Now that the data has been encoded, it can now be split into its respective x and y variables. The 'final_result' feature was left untouched since it was the response variable to all the other features. For x data, 'id_student' will be dropped since it serves as more of a categorical variable.

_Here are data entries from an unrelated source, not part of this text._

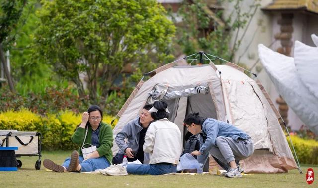 中午时分,园内的露营区里,不少游客在草坪上、花丛旁搭起了帐篷。孩子们在阳光中快乐地奔跑、嬉戏,尽情享受春日好时光。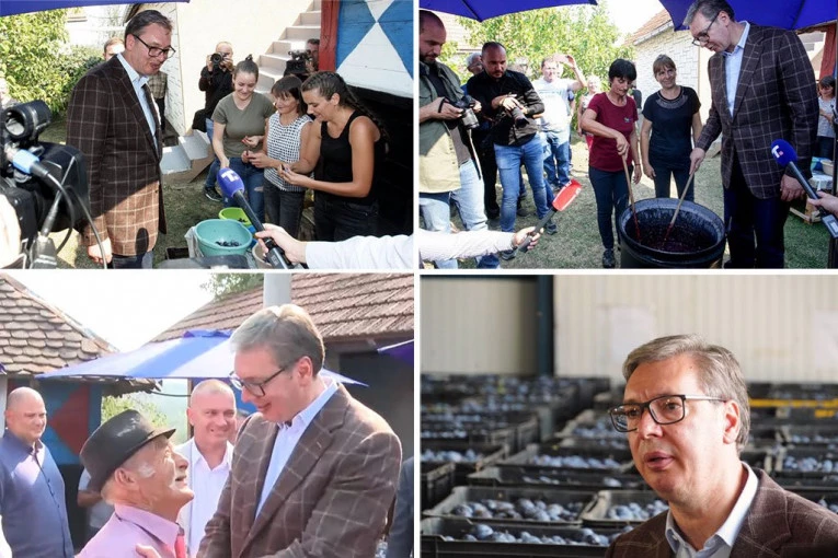 Tokom obilaska farme "Jovanović voće" u Osečini, Vučić je rekao da se način obrade zemlje promenio i da nije kao u vreme kad je on bio mali.
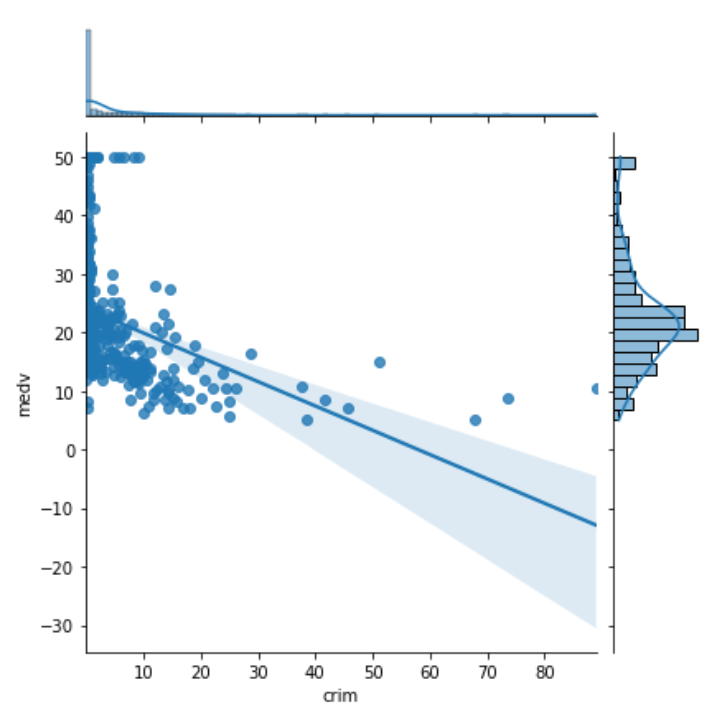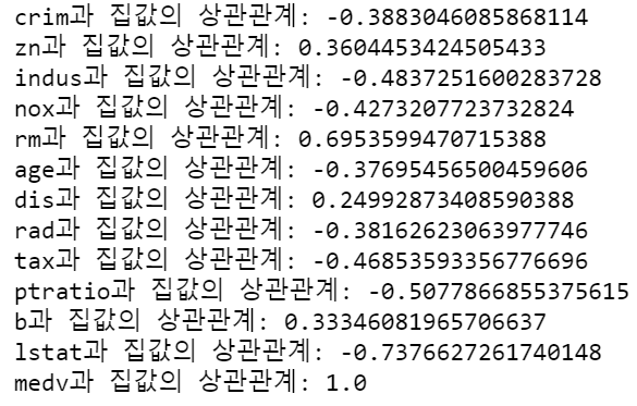 print(f"{column}๊ณผ ์ง๊ฐ์ ์๊ด๊ด๊ณ: {data[column].corr(data['medv'])}")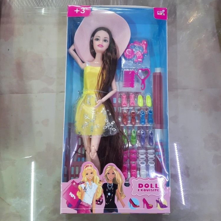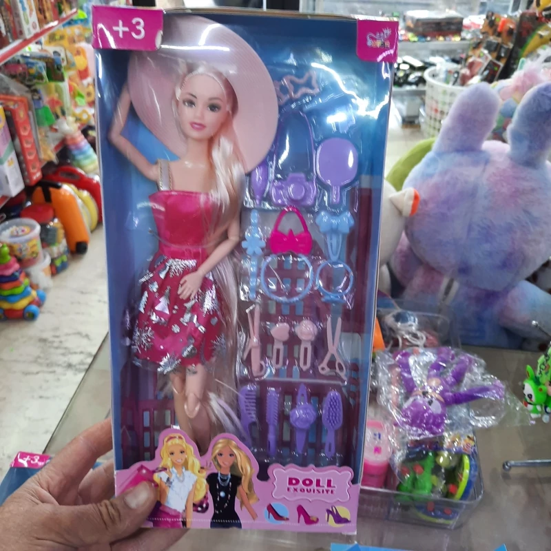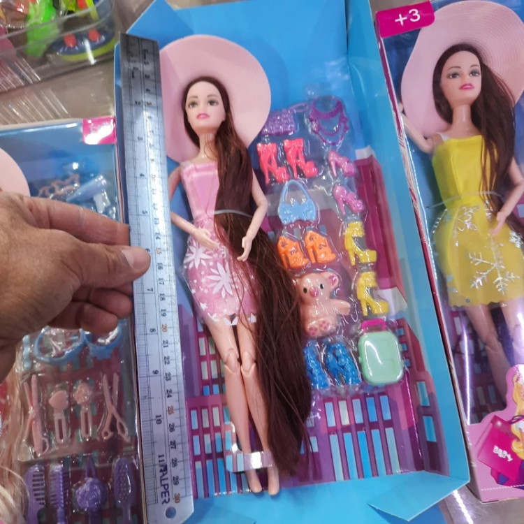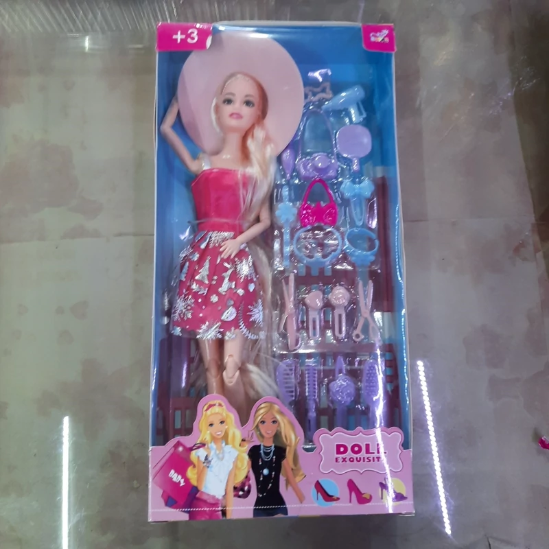 عروسک باربی تمام مفصل (غیر از مچ پا ) با وسایل اضافی شامل کفش و وسایل آرایشی جعبه دار با قد سی سانت ،موهای بلند . برای سنین سه سال به بالا ،محصولی از کشور چین
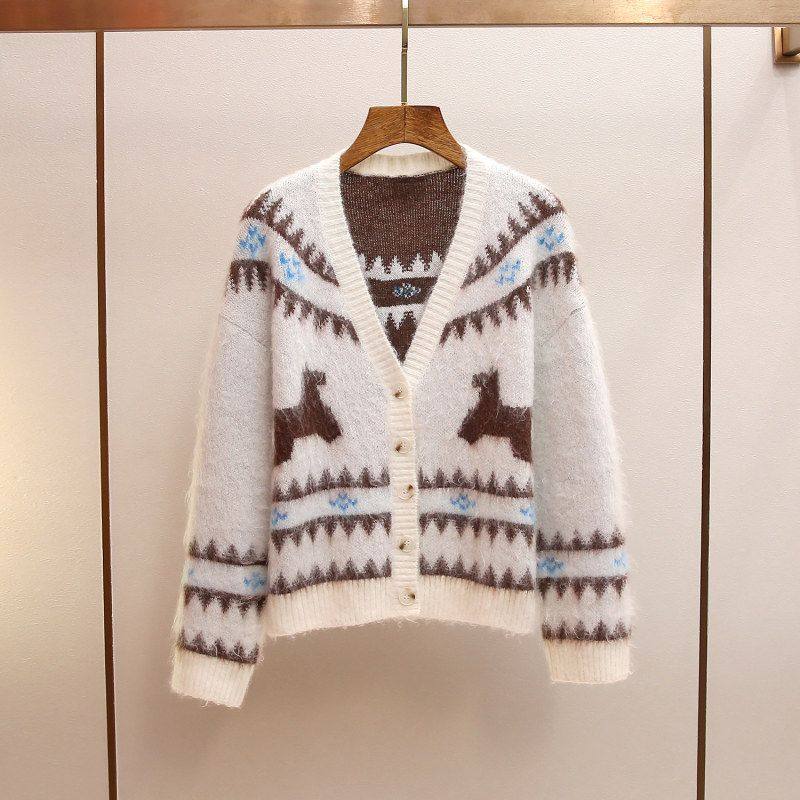 恋小维女装2025秋冬新款时尚宽松显瘦费尔岛提花针织开衫毛衣外套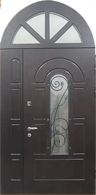 Двустворчатая арочная дверь с отделкой МДФ, стеклом и ковкой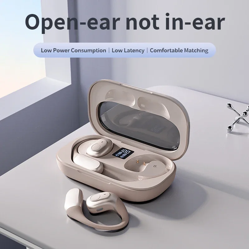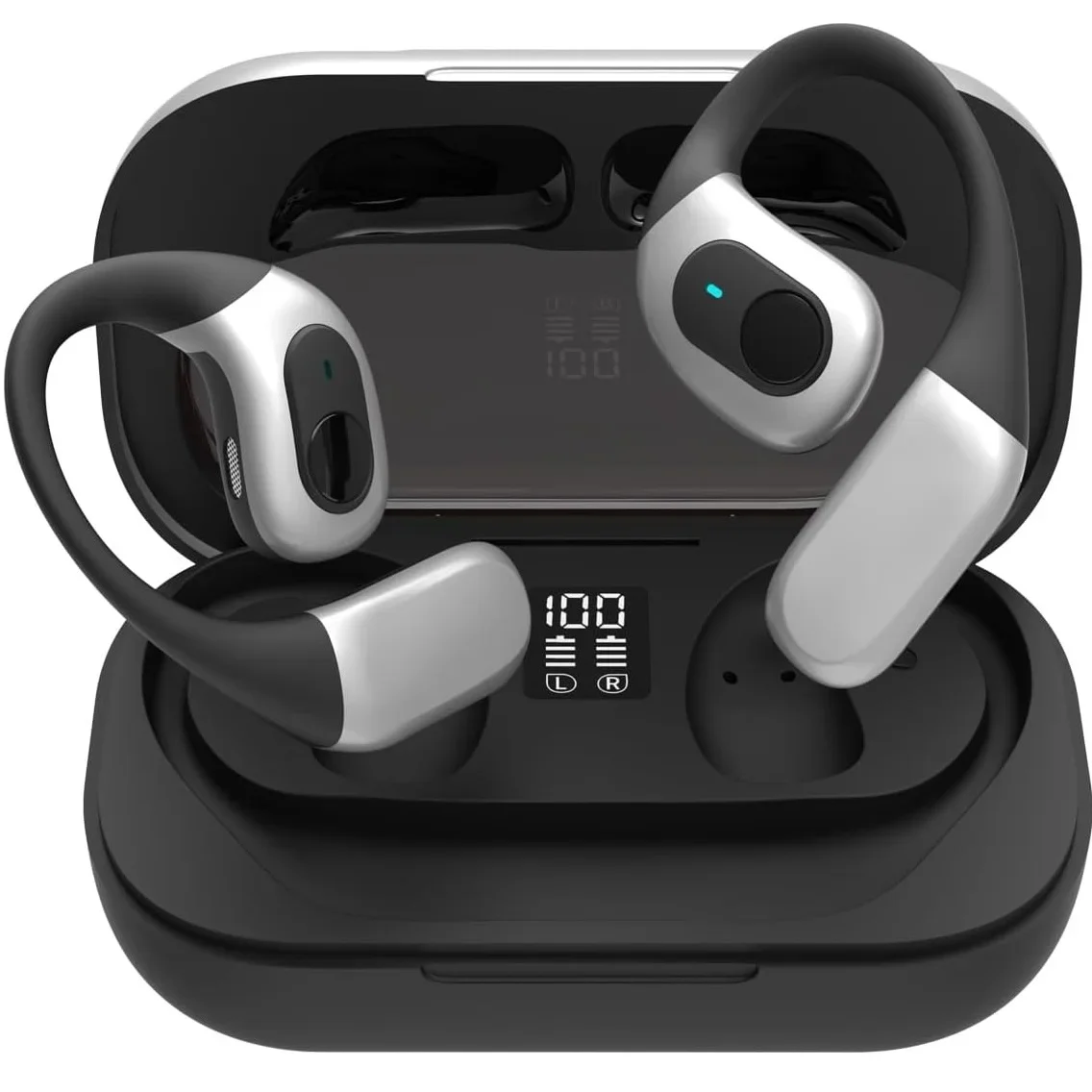 Diseño de oreja abierta para la máxima comodidad: estos auriculares inalámbricos Bluetooth cuentan con un diseño trasero abierto que deja espacio alrededor de las orejas, evitando un sellado completo del canal auditivo. Esto minimiza la incomodidad durante el uso prolongado. Su diseño aplica menos presión en los oídos y promueve la ventilación, reduciendo la acumulación de sudor durante actividades como viajes, deportes y senderismo. Ideal para entusiastas del aire libre que buscan comodidad y rendimiento.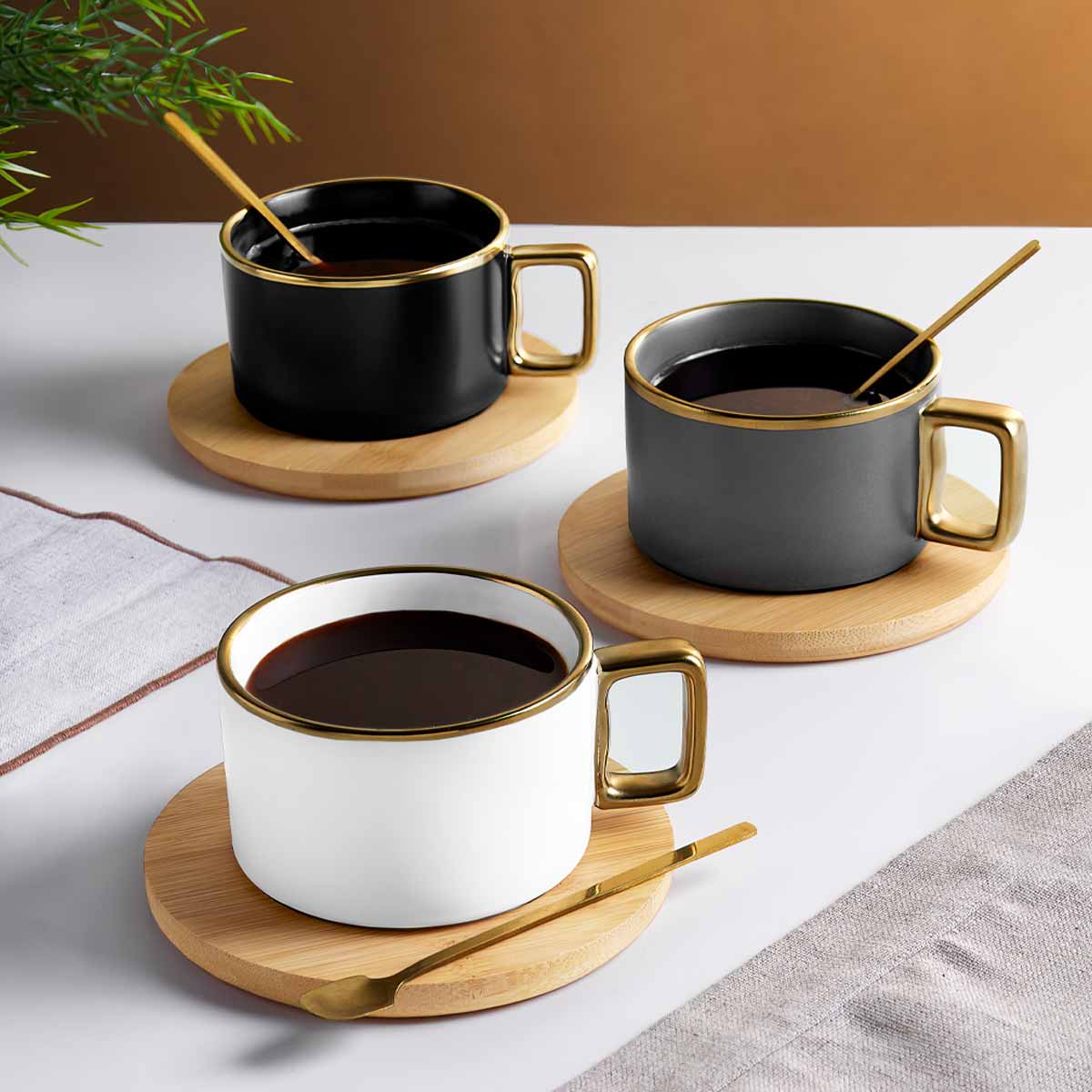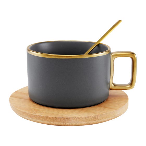 Taza de cerámica con base de bambú y cuchara metálica dorada. Terminado mate con detalle dorado en filo y asa. Incluye caja individual.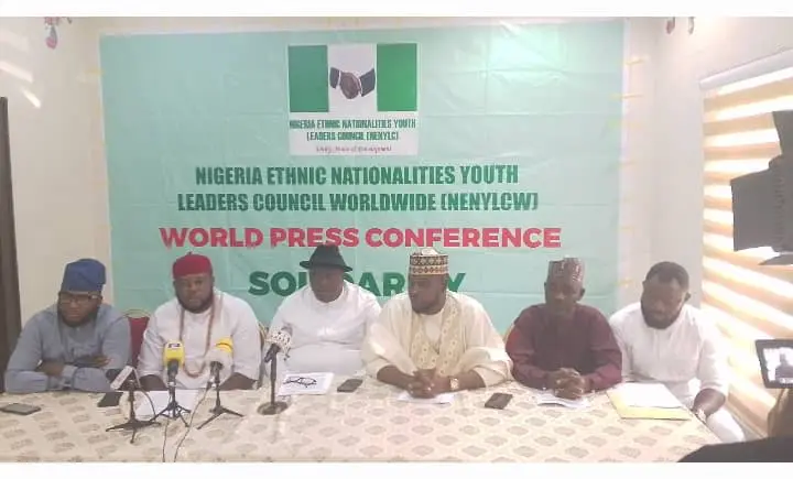 At the press conference were Comrade Terry Obeih, President General, Niger Delta Ethnic Nationalities Youth Leaders/NENYLCW, Alhaji Balarabe Rufai, President, Northern Youth Council/ Vice President, NENYLCW, Mazi Okwu Nnabuike, National President, Ohanaeze Ndigbo Youth Council Worldwide/ Publicity Secretary, NENYLCW, Comrade Emmanuel Zopmal, President, Middle-Belt Youth Council/ Organising Secretary, NENYLCW and Alhaji Hamisu Dass, President, North-East Youth Assembly/Treasurer, NENYLC.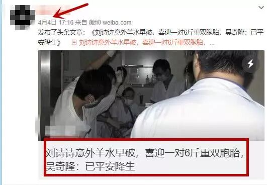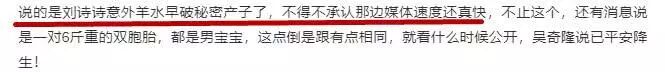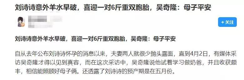 刘诗诗喜迎双胞胎男宝,吴奇隆回应平安降生?工作室目前没辟谣! |
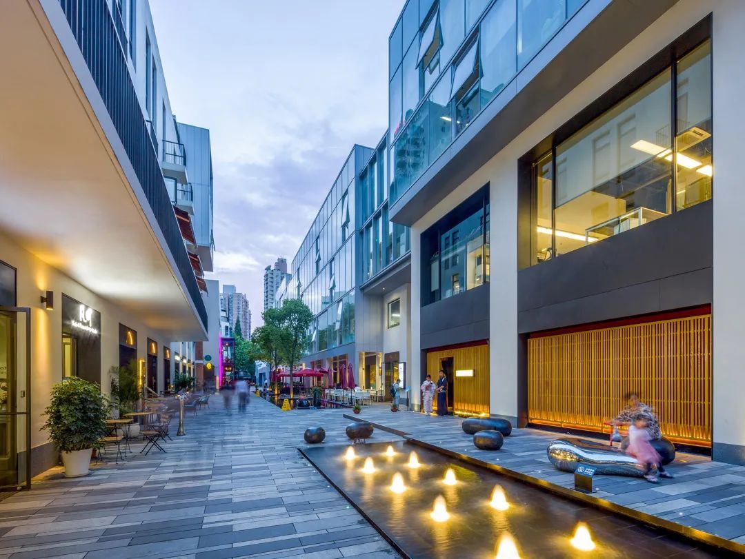 园区通过拆除围墙和大门,将幸福路和番禺路连通,不仅为周边居民打通了一条开放的步行道,而且两侧分布了43家不同类型商铺,包括了品牌咖啡馆、酒吧、蛋糕店、健身房,搭配棱角分明的冷色建筑装饰,整个街区显得新潮且活力十足。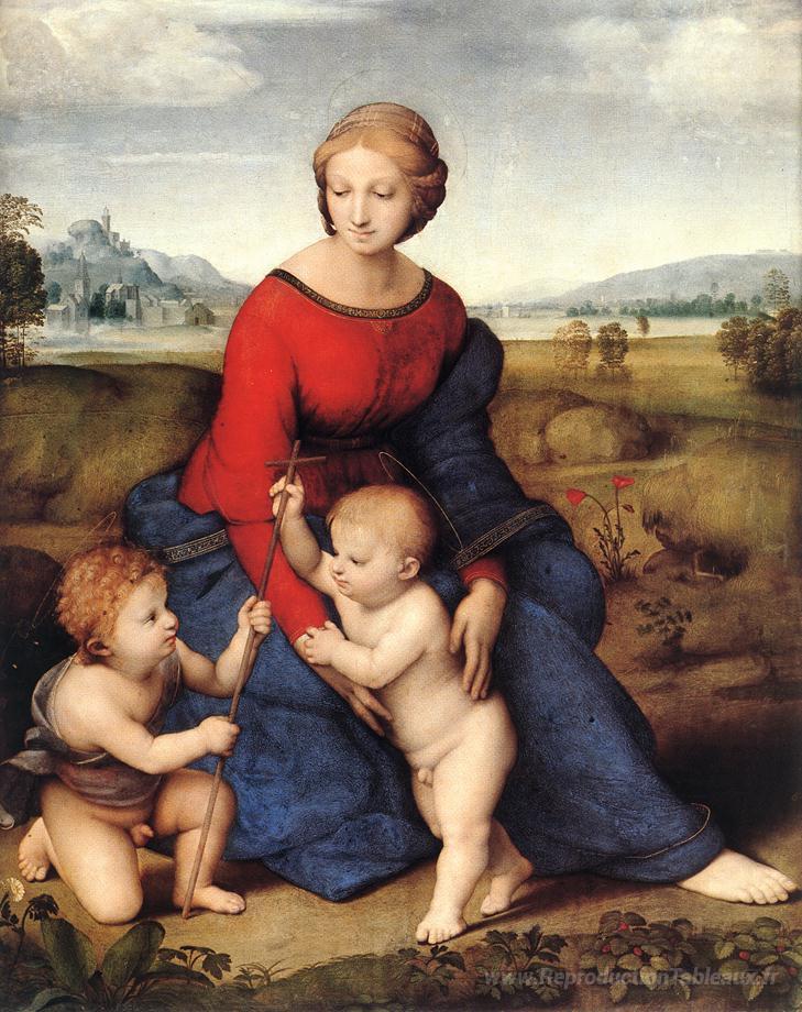 Nous vous proposons une reproduction artisanale sur toile du célèbre tableau 'Madonna dans la prairie' de Raphael, provenant du Musée de la Reproduction.

Since the data points were originally ordered by assessment and student, I will need to shuffle the train_test to make sure students at the bottom of the df do not unnecessarily get cut.

In [48]:
x = df.drop(columns = ['id_student', 'final_result'])
y = df[['final_result']]

x_train, x_test, y_train, y_test = train_test_split(x, y, random_state = 6022, stratify = y, test_size = 0.25, shuffle = True)

# Scaling

Despite encoding, a few columns are still beyond a comparable scope of eachother. A StandardScaler will be applied to ensure that all values are comparable.

In [50]:
scaler = StandardScaler()
scaler_model = scaler.fit(x_train)

In [51]:
x_train_scale = scaler_model.transform(x_train)
x_test_scale = scaler_model.transform(x_test)

# Conclusion

The data has been cleaned, encoded, and split into training and testing sets. From here the modeling required is most likely KNN, decision tree analysis, and/or logistic regression to determine the predicting features.